6-8 shitake mushrooms, sliced
1 quart of water
Get out a nice stainless steel pot and place the kombu, mushrooms and ginger in it. Cover with the water and soak for 30 minutes. (No heat) Set the saucepan over mediumish heat until the water just starts to boil. Remove the seaweed and keep the ginger in it and simmer for about 10-15 minutes. When it is cool, pour the liquid through a fine mesh strainer or 2 layers of cheesecloth and into a bowl. Ta daaa! You have Dana dashi. That wasn’t hard, was it? Store it in the fridge for up to 1 week. Compost the strained out stuff.
- 1.5 cups of dashi or chicken stock
- 1 tablespoon of sake(or use a white wine)

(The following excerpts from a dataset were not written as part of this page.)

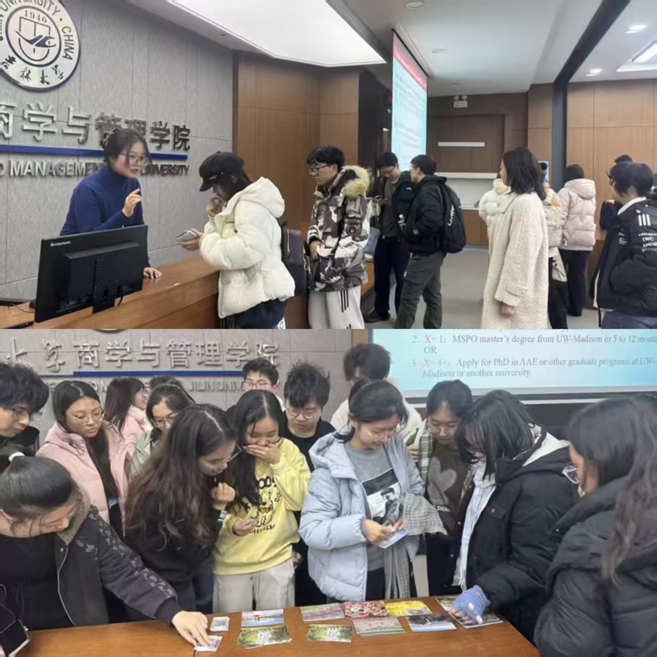 在互动环节中,同学们围绕申请条件、奖学金政策、课程安排与就业前景等问题踊跃提问。袁若寒老师进行了细致解答,现场气氛融洽而热烈,帮助同学们深入了解国际学习路径与未来发展方向。本次宣讲活动不仅进一步推动了吉大商管学院与威斯康星大学麦迪逊分校的人才培养合作,也为有海外深造意向的员工提供了有益的参考与启示。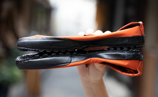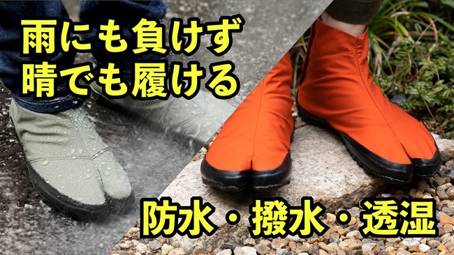 表地には防水性・撥水性を備えた生地、裏地には東レが開発したリサイクルナイロン糸で織られ、耐摩耗性に優れた生地を採用。そこに、地下足袋の「滑りにくく踏ん張りが効く」「コンパクトに持ち運べる」という特性を融合させることで、「いつでもどこでも履ける」シューズを実現しました。
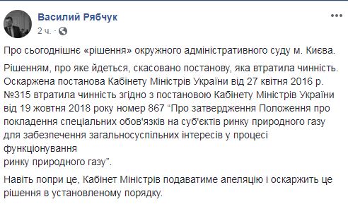 "Решением, о котором идет речь, отменено постановление, которое утратило силу. Обжалованное постановление Кабинета министров Украины от 27 апреля 2016 года №315 утратило силу согласно постановлению Кабинета министров Украины от 19 октября 2018 года №867 "Об утверждении положения о возложении специальных обязанностей на субъектов рынка природного газа для обеспечения общественных интересов в процессе функционирования рынка природного газа", - написал Рябчук.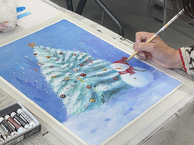 教室で使用する画材は、プロとして作品を発表したり販売するのにも使える絵の具です。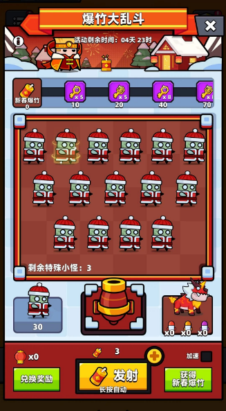 2.爆竹使用:点击单次发射、长按自动连续打击僵尸,打击成功掉落新春灯笼——这是兑换商店的唯一核心货币。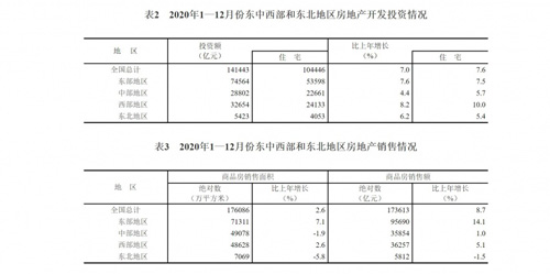 數(shù)據(jù)顯示,2020年中國(guó)東部、中部、西部及東北部地區(qū)銷售面積同比分別為7.1%、-1.9%、2.6%及-5.8%。銷售額同比增長(zhǎng)分別為14.1%、1%、5.1%及-1.5%。其中,2020年?yáng)|部地區(qū)商品房量、價(jià)增速分別高于去年9個(gè)和8個(gè)百分點(diǎn)。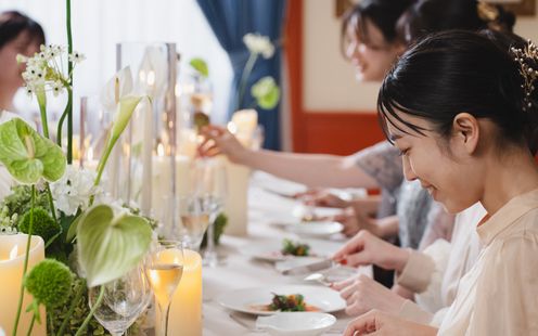 季節な花々や、ふたりの好きなカラーで光あふれる空間を自由にコーディネート。こだわりアイテムの持込みも可能なのでふたりらしくゲストをおもてなししてみませんか?

- A pinch of coconut sugar
- 2 teaspoons of coconut aminos
- ¼ teaspoon of sesame oil
- 1 tablespoon of finely grated fresh ginger root
- 3 large eggs
- ½ cup of fresh shelled peas
- OR ½ cup of frozen peas
- OR 1 cup of chopped fresh pea pods
- ¾ cup of baby shrimp, cooked
- ½ cup of chopped shitake mushrooms
- 2 green onions, thinly sliced
- Pick out 4 small heat proof bowls of ramekins to make your Chawan Mushi and turn on the oven to 375 degrees. In a medium mixing bowl, combine dashi stock, 1 tablespoon of sake and sugar in a bowl and stir till the sugar is dissolved. Add the soy sauce, sesame oil and the ginger and mix some more. Measure out 4 tablespoons of this mix into a small cup and set it aside for now.
- Gently whisk the eggs up in a bowl. Do this so gently that you do not create any bubbles in it. Gently stir the bulk of the dashi mixture into the eggs. Divide the peas, shrimp, mushrooms and green onions among your four ramekins, saving out some for garnishes. Pour the egg mixture over the veggie-shrimp mixture.
- Get out a rectangle glass baking dish (9×13 works) and set the ramekins in there. Set in the oven and fill the baking dish with water till is about halfway of the ramekins. Bake at 375 for 5 minutes then turn the heat down to 325 and bake for 25 minutes and check for doneness. The custard is set when it is still quite jiggly and if you poke it with a toothpick or knife it produced clear dashi like fuild. If it isn’t quite done yet, keep baking and checking every 5 minutes so you don’t overcook it. Garnish with the saved veggies and shrimp then add one tablespoon per ramekin of the reserved dashi mix and serve up with a smile.